Module 1 has the smallest Evalue and the most instances, so we’ll look at this one in more detail. The Module object is a subclass of the core Alignment object, so it shares much of this functionality. We can look at the consensus sequence for Module 1 calculated in different ways.
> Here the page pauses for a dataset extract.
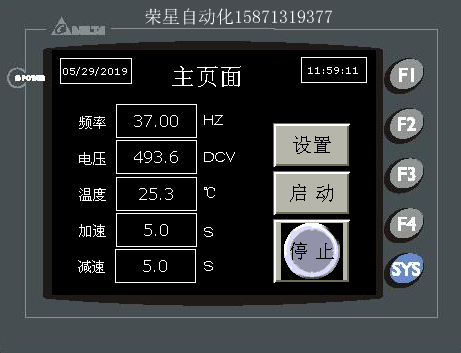 臺達PLC與觸摸屏,變頻器通信,設置頻率,加減速時間。顯示直流母線電壓,溫度。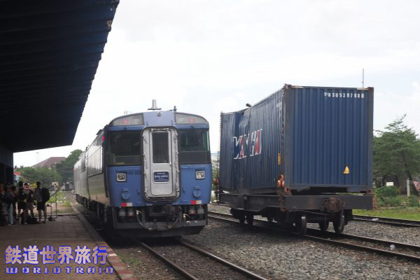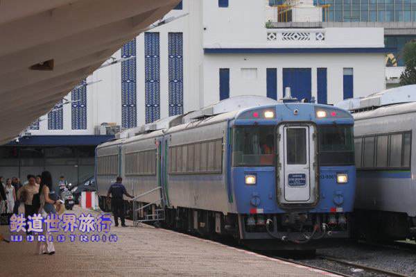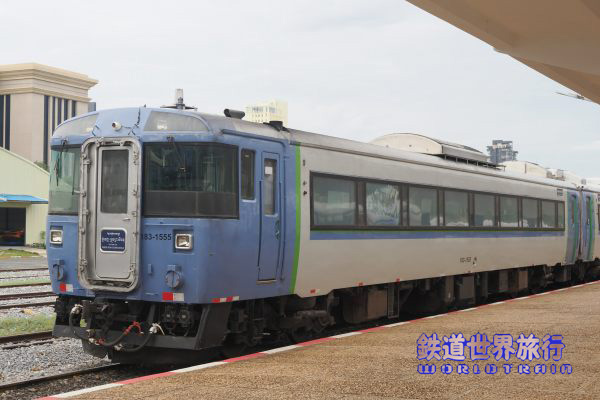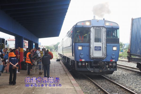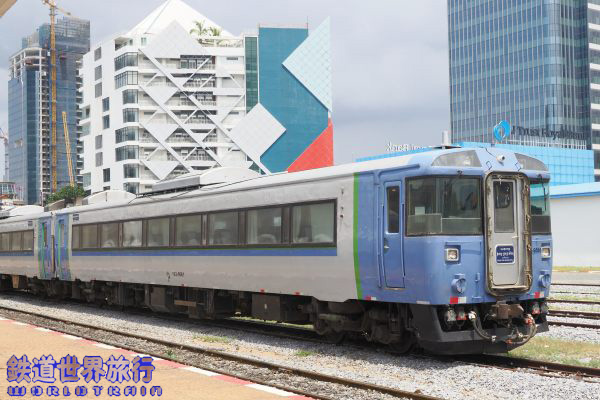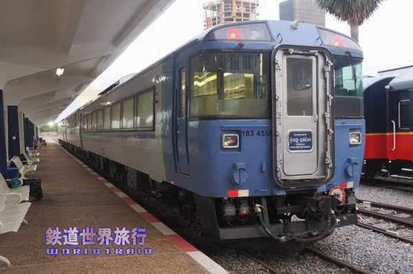 早朝、プノンペン駅に着くと、3年前までは札幌で見られたキハ183系の姿があった。 |

Lets compare the consensus that MEME provides, the calculated majority consensus, and the calculated IUPAC consensus.

>>> module_1 = results.Motifs[0].Modules[0]
>>> module_1.ID
'1'
>>> module_1.ConsensusSequence
'GKPVVVDFWATWCGPCRxEAPILEELAKE'
>>> module_1.majorityConsensus(transform=str)
'GKPVVVDFWATWCGPCRAEAPILEELAKE'
>>> module_1.IUPACConsensus()
'XXXXXXXXXXXXCXXCXXXXXXXXXXXXX'

Here we can see that the consensus sequences provided by MEME and the calculated majority consensus are about the same. The IUPAC consensus is an easy way to see if any positions in the module are absolutely conserved. To get a better idea of the conservation of the module, we can calculate the uncertainties for every position in the module.

>>> iupac = module_1.IUPACConsensus()
>>> majority = module_1.majorityConsensus()
>>> uncertainty = module_1.uncertainties()
>>> for i,m,u in zip(iupac,majority,uncertainty):
...     print i,m,u
...
X G 2.69585768303
X K 2.29582593843
X P 2.96578451217
X V 1.61117952123
X V 1.91067699662
X V 2.01512726036
X D 1.57769736083
X F 0.777268500731
X W 2.0045407601
X A 0.522179190202
X T 2.70369216641
X W 0.282292189082
C C 0.0
X G 1.96072818839
X P 0.937268500731
C C 0.0
X R 2.03875770182
X A 3.68637013016
X E 2.60359082041
X A 2.9672863748
X P 0.282292189082
X I 3.49915032218
X L 2.19664948376
X E 2.71346937346
X E 2.49058231553
X L 1.94895812367
X A 2.71230564207
X K 2.85533775047
X E 2.36191706121

The first column is the IUPAC consensus symbol, the second column is the majority consensus symbol, and the third column is the uncertainty at a given position in the module. The smaller the number, the less uncertainty, and therefore the more conserved the majority residue is at that position. Now that we have examined Module 1 in some detail, lets do some more simple tasks. How many different sequences is Module 1 located in?

>>> module_1.LocationDict
{'18309723': [284], '15614085': [58], '15966937': [59], ...
>>> len(module_1.LocationDict)
49

The LocationDict property of the Module object is a dictionary of sequences IDs and indices in the sequence where the module was found. Here we see that Module 1 was found in 49 different sequences, which means that it was found twice in one sequence. We can find what other modules were found to have more than one instance in a given sequence.

>>> for motif in results.Motifs:
...     module = motif.Modules[0]
...     for seq_id, indices in module.LocationDict.items():
...             if len(indices) > 1:
...                     print module.ID, seq_id, indices
...
1 18406743 [42, 362]
3 18406743 [104, 264, 424]

We see that Module 1 and Module 3 have more than one instance in sequence 18406743. Since this sequence is the only one to contain multiple instances of the same module, lets quickly examine some statistics of the alignment.

>>> len(results.Alignment.NamedSeqs['18406743'])
578
>>> lengths = [len(seq) for seq in results.Alignment.Seqs]
>>> min(lengths)
89
>>> max(lengths)
578
>>> sum(lengths)/float(len(lengths))
169.86458333333334

This sequence is the longest of all the sequences searched and more than 3 times longer than the average sequence.